I agree that tax credits are about as neutral and arm’s-length as you can get in insulating journalism from government pressure. But it’s always going to be a challenge. Given that the New York credit expires after three years, you can be sure there will be a debate over whether to renew it as the expiration date approaches. That, in turn, will give politicians an opportunity to redefine eligibility requirements — and there’s always a possibility that some assessment of content might be part of that.
Still, the New York system seems like an experiment worth trying, and I’d like to see it spread to other states.
• Catch and kill. The National Enquirer’s practice of paying for stories and of deep-sixing articles in order to gain power and influence over someone — known as “catch and kill” — didn’t start with former Enquirer owner David Pecker. Nor was Donald Trump the first alleged beneficiary. I recommend “Scandalous,” a 2019 documentary about the Enquirer that is revealing and highly entertaining. Both Bob Hope and Bill Cosby were caught dead to rights in tawdry sexual affairs, and the Enquirer killed stories about those affairs in order to force them to cooperative in cheery feature stories. Pecker’s innovation was to politicize the practice.
• Facebook and news. Back when I was reporting my 2018 book, “The Return of the Moguls,” news organizations desperately sought to use Facebook as a way of distributing their journalism. News publishers liked to talk about “the barbell,” by which they would attract readers on Facebook (one end of the barbell) and try to get them to migrate to their own digital products (the other end of the barbell), where, it was hoped, they would become paying subscribers.

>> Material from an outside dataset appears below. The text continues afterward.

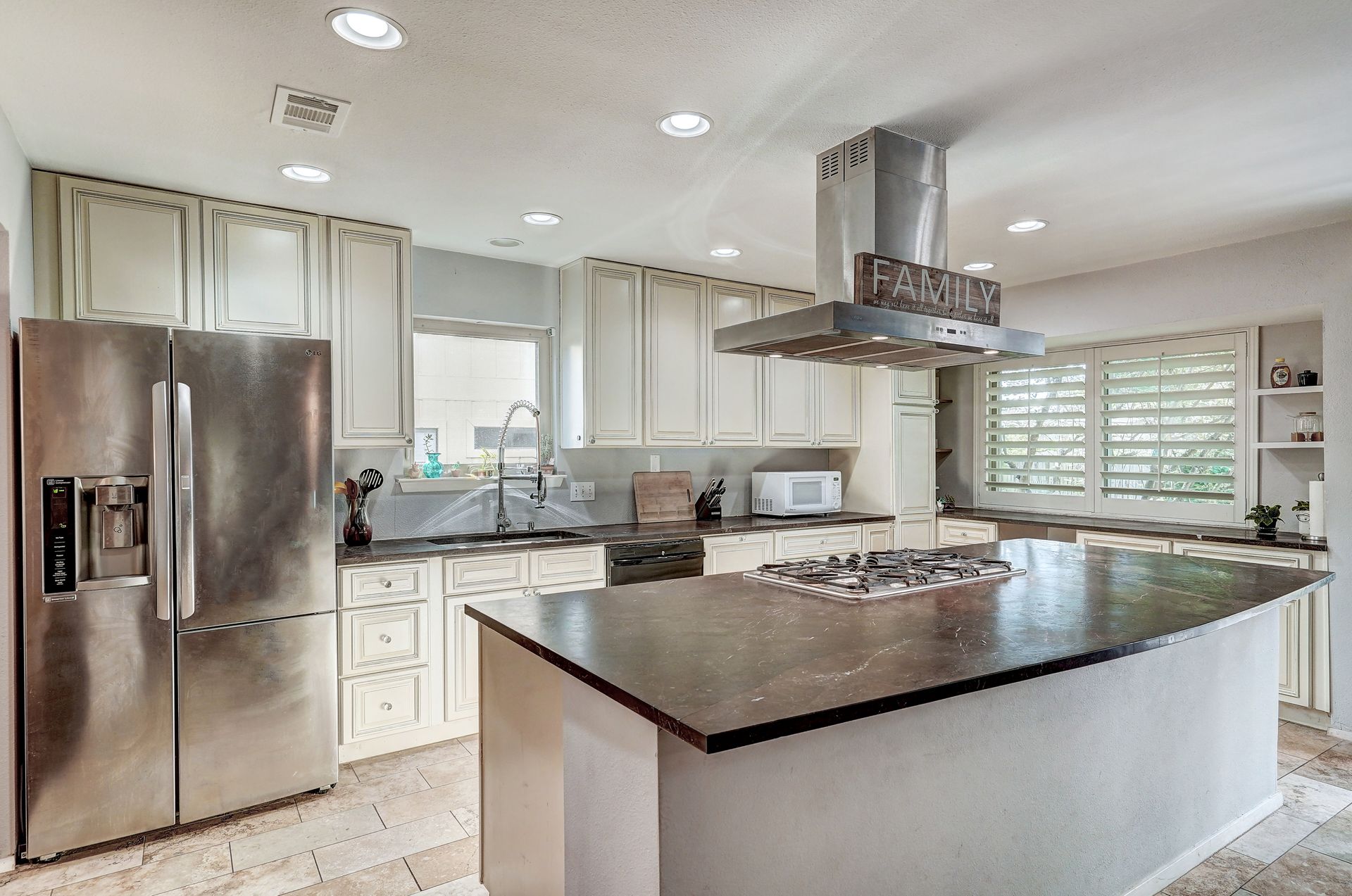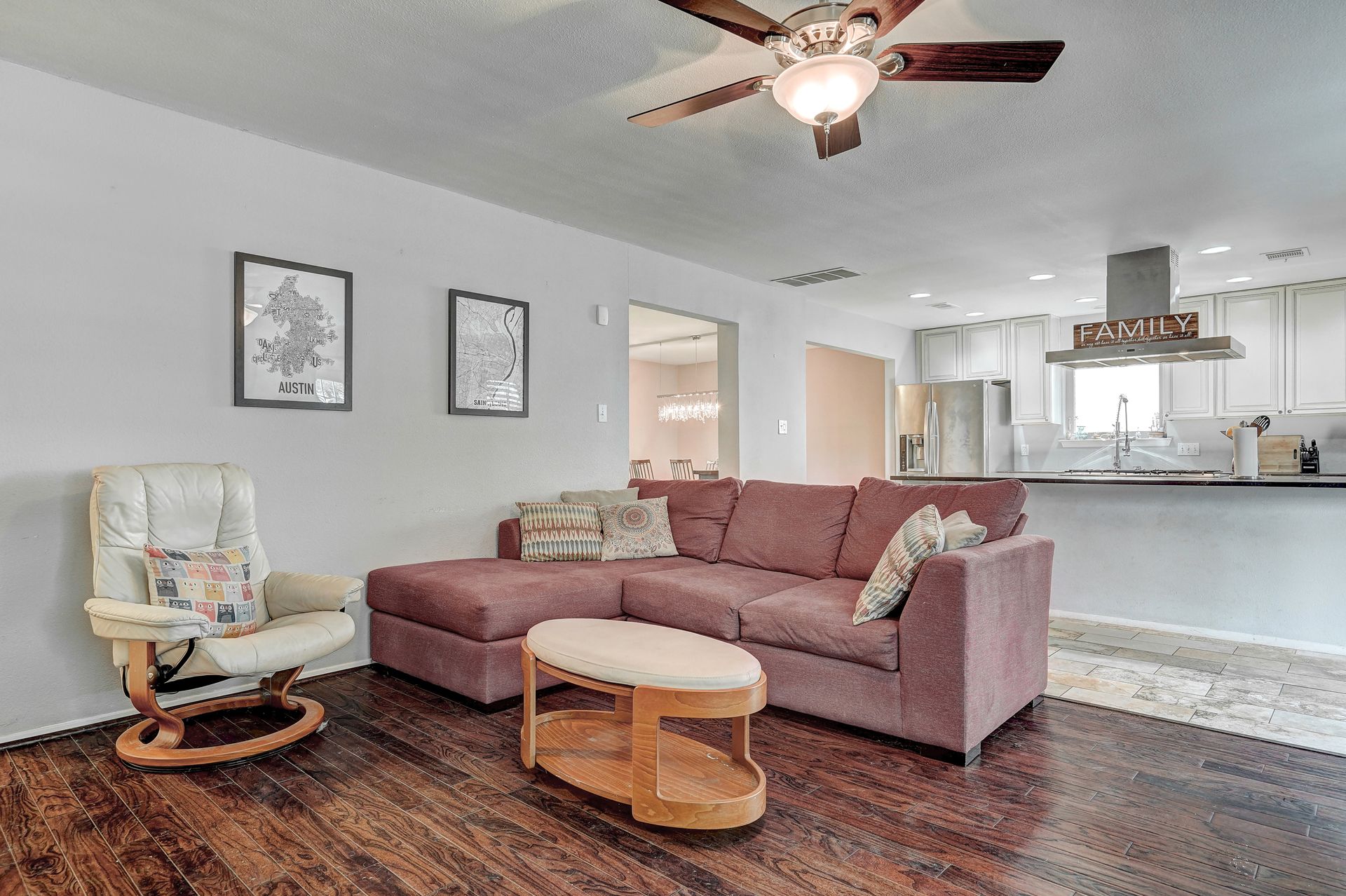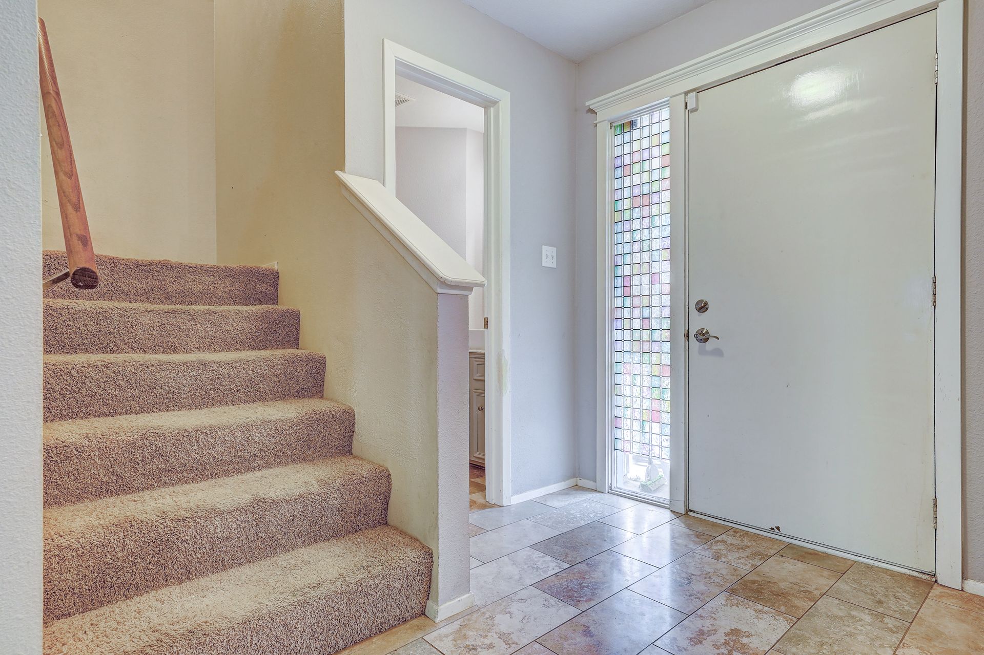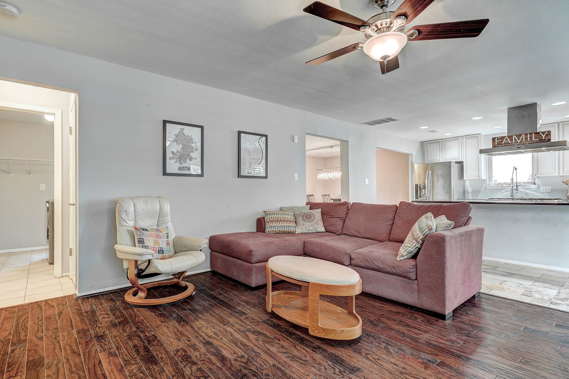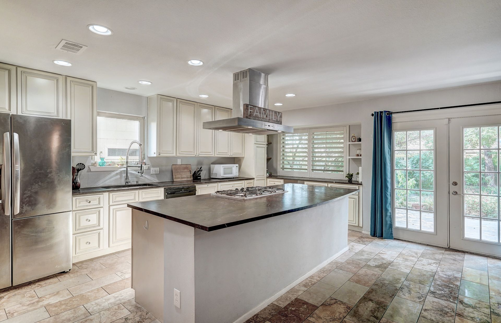 Cute as a button two-story home in Mesa Park with Robin's egg blue trim located just minutes from the Domain, Arboretum and Quarry Lake with easy access to Mopac/183. The home boasts an open floorplan downstairs with a cohesive living/dining area and a kitchen complete with a gourmet bar, stainless steel appliances, oversized cabinets, pot drawers and vent hood, perfect for the stay at home chef. You will enjoy the view of the spacious tree-lined backyard, landscaped with native plants, and the patio with stone firepit through the beautiful Plantation shutters. Many structural updates throughout, including a wall of windows and double French doors which provide loads of natural light, an inviting brick fireplace with raised hearth in living area and recently installed carpet upstairs! All of the fun, bright-colored bedrooms are located upstairs, along with a King-sized great room with attached bath. There is also a bonus half bath downstairs. Exemplary schools include Davis Elementary, Murchison MS and Anderson HS. It is a perfect place to call home!!

In the years since, Meta executives have decided news just isn’t worth it and have throttled journalism on Facebook and other products, including Threads and Instagram. How bad is it? The Washington Post has conducted a data analysis (free link) showing that “the 25 most-cited news organizations in the United States lost 75 percent of their total user engagement on Facebook” between the first quarter of 2022 and the first quarter of 2024. It’s further evidence that news organizations’ business models shouldn’t be dependent on giant corporations with their own agendas.
• The WSJ will miss Murdoch. Axel Springer, the right-wing German media conglomerate that took over Politico in 2021, has its sights set on The Wall Street Journal, according to Ben Smith of Semafor. Rupert Murdoch, through his control of the Fox News Channel and other outlets on three continents, may be the most malignant media magnate on the planet. But he’s been a surprisingly good steward of the Journal, which after 17 years of his ownership remains one of our great newspapers. At 93, he won’t be in charge too much longer. And here’s a quote from Axel Springer CEO Mathias Döpfner that you might enjoy: “I’m all for climate change. We shouldn’t fight climate change but adjust to it.”
I’ll grant you that’s something you might see on the Journal’s editorial page even now. Murdoch, though, has been better about not letting that bleed into the news pages than Axel Springer might be.